After 9/11, every IT organization on the planet began making sure there was some form or fail-over to a backup system or disaster recovery site

Um no? A number of large organizations do not have a disaster recovery site. Just the other day Cisco.com was down for a few hours.

Re:Whiskey Tango Foxtrot (1, Funny)

Anonymous Coward | more than 7 years ago | (#20240915)

At a previous employer, we kept having a Cisco Switch crash and become unresponsive, making about 1/3 of the people connected to it in the office lose connection.

After about 2 to 3 hours of investigation and it going down twice after we'd bring it back up, we soon found the problem. F**king intern, who was worthless anyways and about to get fired for other stupid mishaps had a Netgear switch he was using for setting up new desktops thought it'd be cute to plug one port of the switch to another port on it, that was creating the havoc and bringing down the switch and part of the network for most.

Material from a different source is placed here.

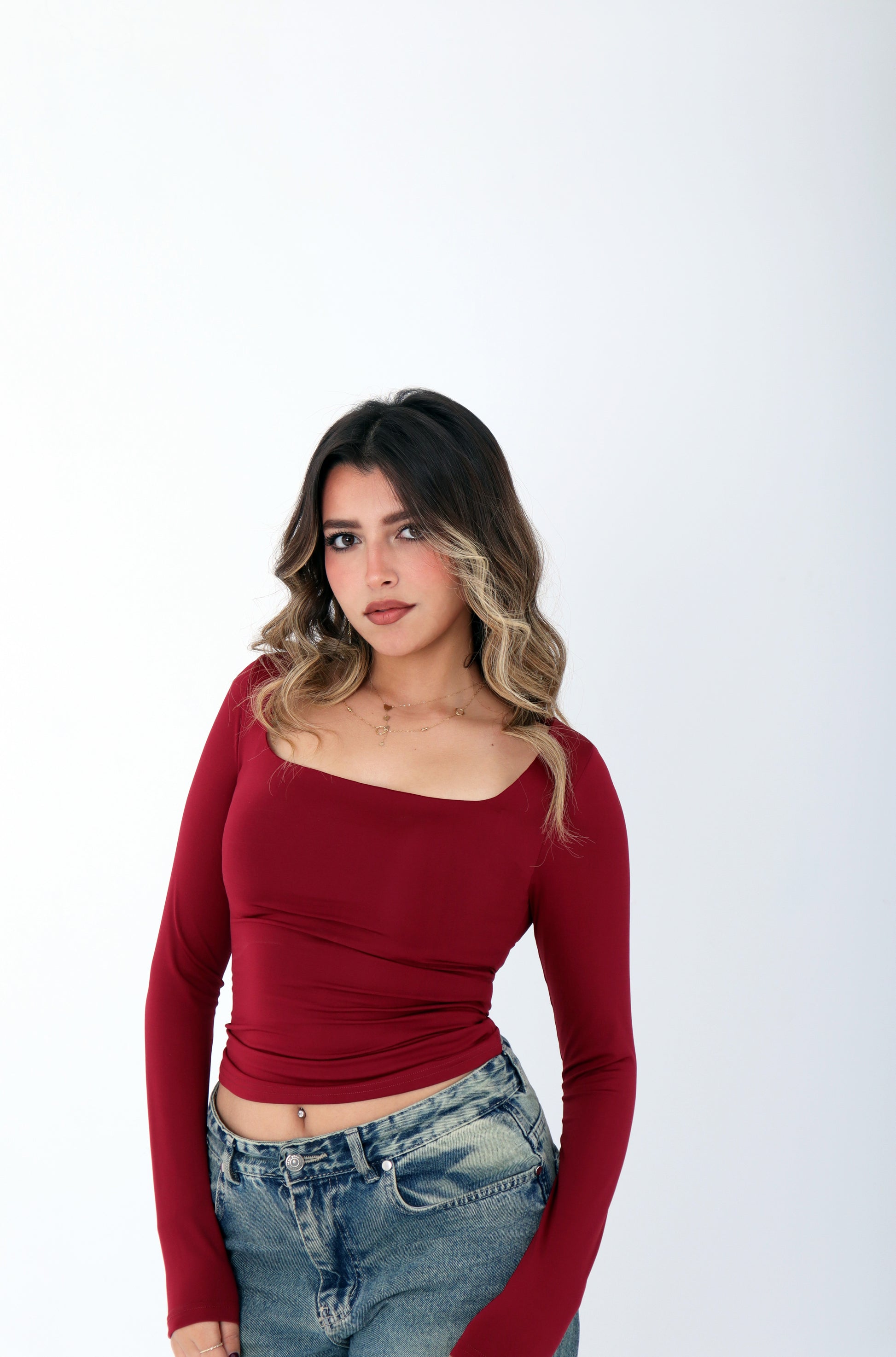 Curve Fit Top in burgundy

I think he got fired two weeks later. I guess he had it coming since several times for lunch he would go home and take a nap, coming back after 3 or 4 hours cause he had overslept during such hour lunch break.

Re:Whiskey Tango Foxtrot (0)

Anonymous Coward | more than 7 years ago | (#20241103)

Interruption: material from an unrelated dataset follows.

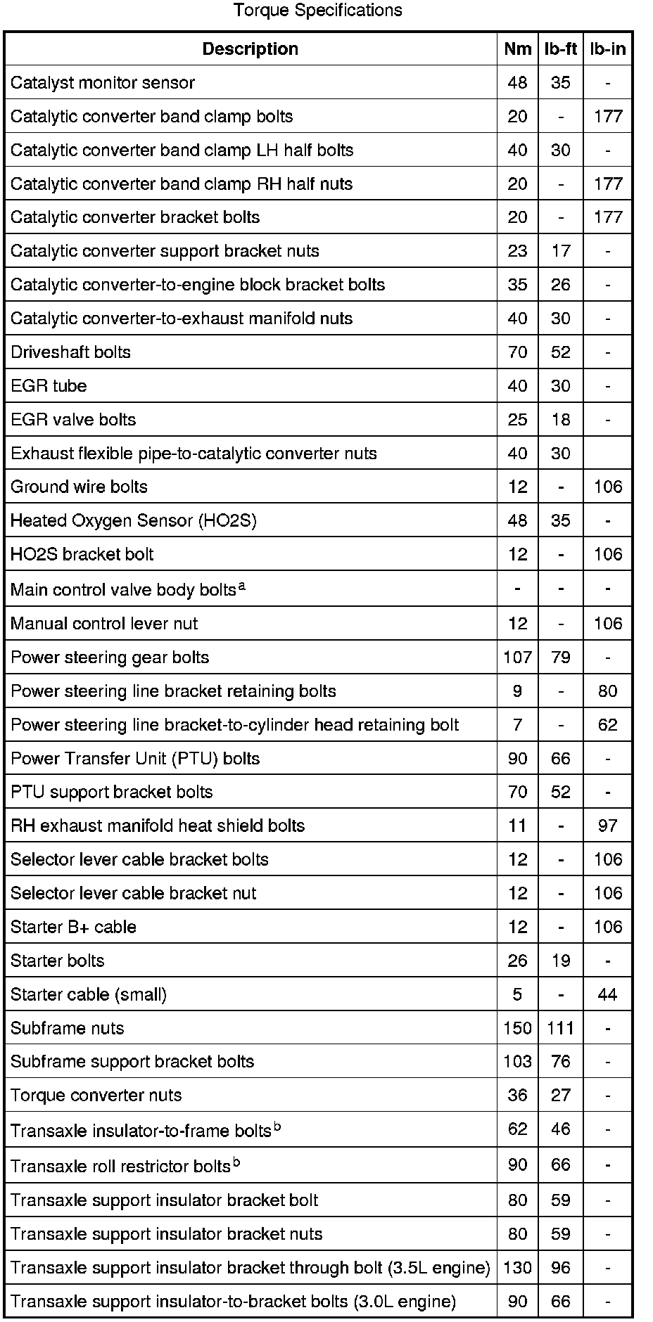 Torque Specifications

Can someone explain technically how doing that on the Netgear POS would cause the Cisco to crash? I guess there'd have to be broadcast traffic on that segment?

Re:Whiskey Tango Foxtrot (1)

archen (447353) | more than 7 years ago | (#20241221)

If you have two different network segments which are supposed to be routed and a connection between them appears, you end up with a scenario where packets may go to the switch or may hop the rogue connection. I had this happen at a new facility our company moved to. I had a few single switches divided in half with VLANS and somewhere someone ended up with a crossed connection. The result was strange packet storms that would mysteriously cause network interfaces to shut down completely on machines.

It actually took me a while to figure it out until I saw our internal (FreeBSD) network firewall was reporting traffic coming in on the wrong interface. After that it was a zoo finding the wire...

Re:Whiskey Tango Foxtrot (0)

Anonymous Coward | more than 7 years ago | (#20241373)

I'm still not sure I quite get the mechanism.
  1. The loop creates a longer path to the same destinations on the media layer?
  2. There's a probability a packets will be looped and re-looped via the mis-patched cable?
  3. This is enough to eventually flood a network?
Am I in the ballpark?

Re:Whiskey Tango Foxtrot (1)

Lehk228 (705449) | more than 7 years ago | (#20241461)

i think the problem occurs when the switches "learn" a circular route and so packets get stuck in that circular route at whatever speed the network runs at.

Re:Whiskey Tango Foxtrot (1)

cciechad (602504) | more than 7 years ago | (#20241433)

Not really most likely it was a STP issue in the Netgear case(Damn unmanaged switches with no/bad STP support). Basically what you end up with is a loop which can cause switch CPU to go to 100% even on 6500's which makes tracing it interesting. Fastest way is to start poping cards until it becomes responsive then isolate to a port. I don't like putting portfast on user ports anymore because of this.

Re:Whiskey Tango Foxtrot (1)

cez (539085) | more than 7 years ago | (#20241355)

By linking the Netgear on two ports to the Cisco (regardless of whether a cross-over is used) you introduce a Loop into the network... a big No No without proper VLANing or routing inbetween as the MAC forwarding table of the cisco will pick up both ports. Using Spanning Tree Protocol is one line of defense for this, but not an end all cure. Depending on the router or type of trunking that the cisco was uplinked too, the whole segment might be automatically taken offline and disabled to prevent further damage, so usually the whole switch stack drops from the network.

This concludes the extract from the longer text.